Transcribe every line of the material below without change, apart from dropping the pictures.

> [DATA]:
===

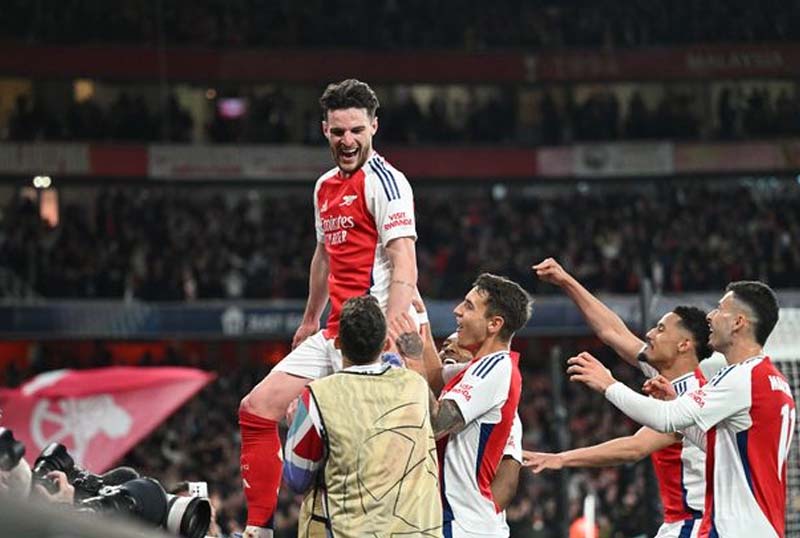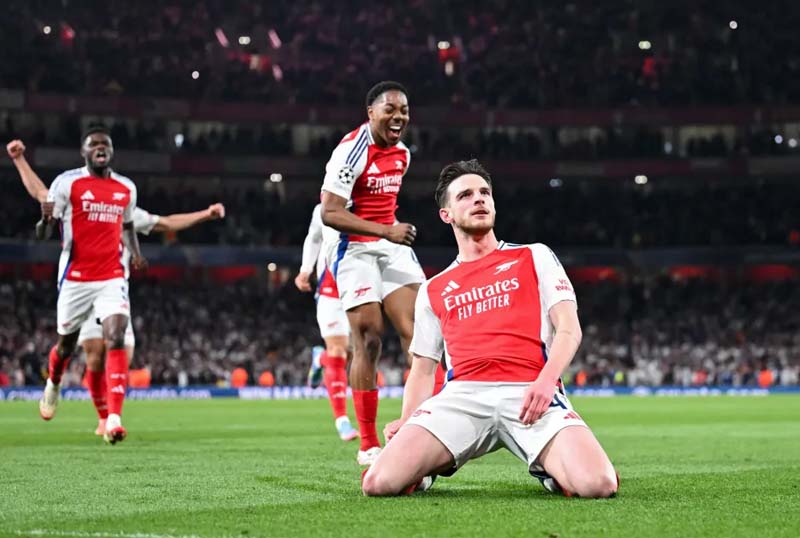 Khoảnh khắc Declan Rice thực hiện cú đá phạt ở phút 70 trong trận tứ kết lượt đi Champions League đã trở thành biểu tượng cho tầm ảnh hưởng của anh tại Arsenal. Chỉ trong 12 phút, tiền vệ số 41 ghi hai bàn từ hai quả đá phạt trực tiếp, cả hai đều là những tuyệt phẩm hiếm có trong nhiều mùa giải.
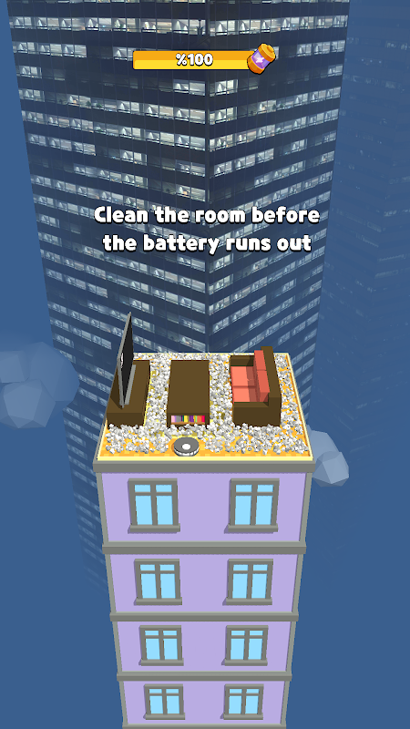 Try to clean the room and collect coins before your battery runs out.
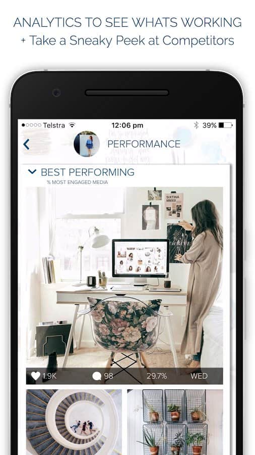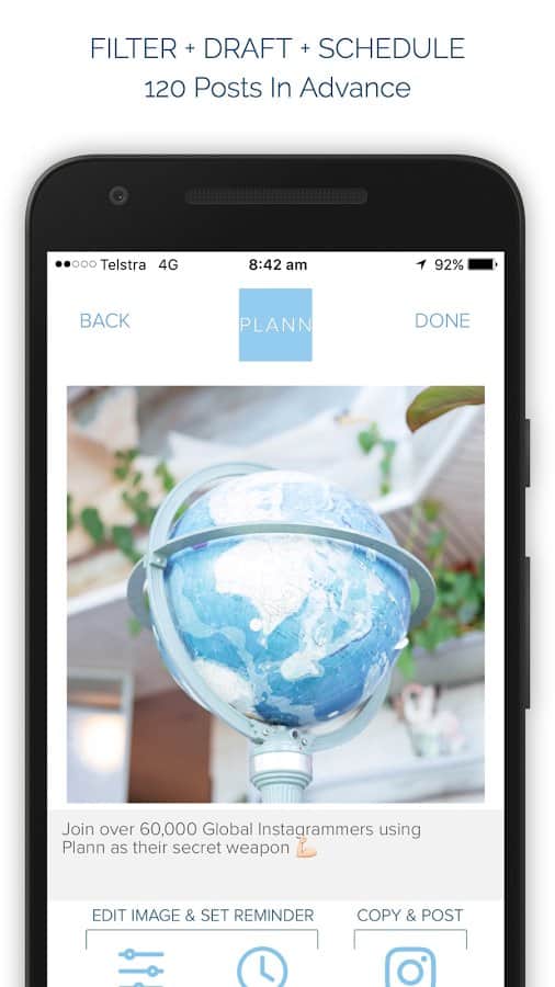 Plann : Instagram Scheduler - Уникальное приложение, которое поможет вам управлять вашей галереей в Instagram. С его помощью вы сможете загружать картинки и фотографии не по одной, а целыми наборами, выберите 10 штук и по нажатию одной кнопки они все поочередно будут добавлены. Изменяйте подписи и добавляйте хештеги, всё это очень просто и удобно собрано в одном меню. В этом приложении нет ничего лишнего, максимально простой интерфейс делает его одним из лучших в своем роде. Так же вы можете запланировать заливку постов наперед, и добавлять их в отдельные промежутки времени.

===

> [SOLUTION FOR THIS PROBLEM]:
 Khoảnh khắc Declan Rice thực hiện cú đá phạt ở phút 70 trong trận tứ kết lượt đi Champions League đã trở thành biểu tượng cho tầm ảnh hưởng của anh tại Arsenal. Chỉ trong 12 phút, tiền vệ số 41 ghi hai bàn từ hai quả đá phạt trực tiếp, cả hai đều là những tuyệt phẩm hiếm có trong nhiều mùa giải.
 Try to clean the room and collect coins before your battery runs out.
 Plann : Instagram Scheduler - Уникальное приложение, которое поможет вам управлять вашей галереей в Instagram. С его помощью вы сможете загружать картинки и фотографии не по одной, а целыми наборами, выберите 10 штук и по нажатию одной кнопки они все поочередно будут добавлены. Изменяйте подписи и добавляйте хештеги, всё это очень просто и удобно собрано в одном меню. В этом приложении нет ничего лишнего, максимально простой интерфейс делает его одним из лучших в своем роде. Так же вы можете запланировать заливку постов наперед, и добавлять их в отдельные промежутки времени.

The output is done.